The Short Pause
Too many people have lost hope and connection. The Short Pause is a moment to step away from the noise and remember—it doesn’t have to be this way. If you're tired of all the negativity and ugliness, and you're craving good stories and honest truth, join Curt for a short pause that just might lift your day.
The Short Pause
What Exactly Is Happiness?
In this episode, I revisit a September afternoon in Detroit that turned out to be one of the best days of my life — not because I was chasing something, but because, for once, I wasn’t.
Hey... where’s all this happiness everyone keeps talking about?
Welcome back to The Short Pause.
When I was younger, I did a lot of chasing...
Chasing the girl.
The next opportunity.
That big promotion.
And… yeah, another girl.
Chasing happiness.
Sometime in my 40s, I remember thinking... When exactly do you “make it”?
Is it how much you’re making?
The car you’re driving?
The attention your looking for?
When do you actually get to call yourself “happy”?
The more the calendar flips by, the more one regret echoes louder than the rest:
I did too much chasing.
Recently, a young woman at work asked me,
"What was your best day ever?"
The easy answers would be:
“My wedding day.”
Or
“The day my daughters were born.”
Of course, those were great days — but honestly, I was scared to death.
It didn’t take long for another day to rise up in my memory.
September 27, 1999.
The day the last major league game was played at the corner of Michigan and Trumbull in Detroit. Tiger Stadium. Opened April 20, 1912 — the same week the Titanic sank.
Imagine the greats who played there: From Ty Cobb and Babe Ruth to Al Kaline and Allan Trammel.
I was a radio reporter back then, and I had media credentials that got me on the field.
I interviewed the legendary voice of the Tigers, Ernie Harwell. (Insert sound)
I scraped blue paint off the dugout.
Collected dirt in a Ziploc bag.
Snagged a ball from the infield.
And I watched the final pitch ever thrown from that mound — flashbulbs exploding like fireworks all around.
One of my best days.
On that day at “The Corner,” I hadn’t arrived where happiness lives.

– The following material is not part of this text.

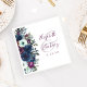 Estes elegantes guardanapos de casamento modernos apresentam um buquê floral azul de ameixa e marinho na margem esquerda. Personalize facilmente o texto de ameixa em um fundo branco, com os nomes da noiva e do noivo em caligrafia manual sobre uma grande e pálida amperse roxa.

Some people would’ve been miserable there — in that crumbling old stadium with 50,000 strangers.
But for me, it was perfect.
Because I wasn’t chasing anything.
I was a 33-year-old man — and a 7-year-old boy.
Without even trying, I soaked in every last minute.
And maybe... that’s all happiness really is.
We spend so much of life sprinting toward something —
convinced that happiness is waiting at some finish line.
But maybe it’s never been about arrival.
Maybe the best moments aren’t about chasing anything at all...
but about catching yourself fully alive, in just one moment.
That’s where I found myself — one afternoon at the old ballpark.
And maybe that’s the real invitation.
To imagine there’s a version of you — ten years from now —
begging this version of you to slow down…
to enjoy where you are, just a little bit more.
That way, when someone asks you about your best day...
you just might have a hard time picking one.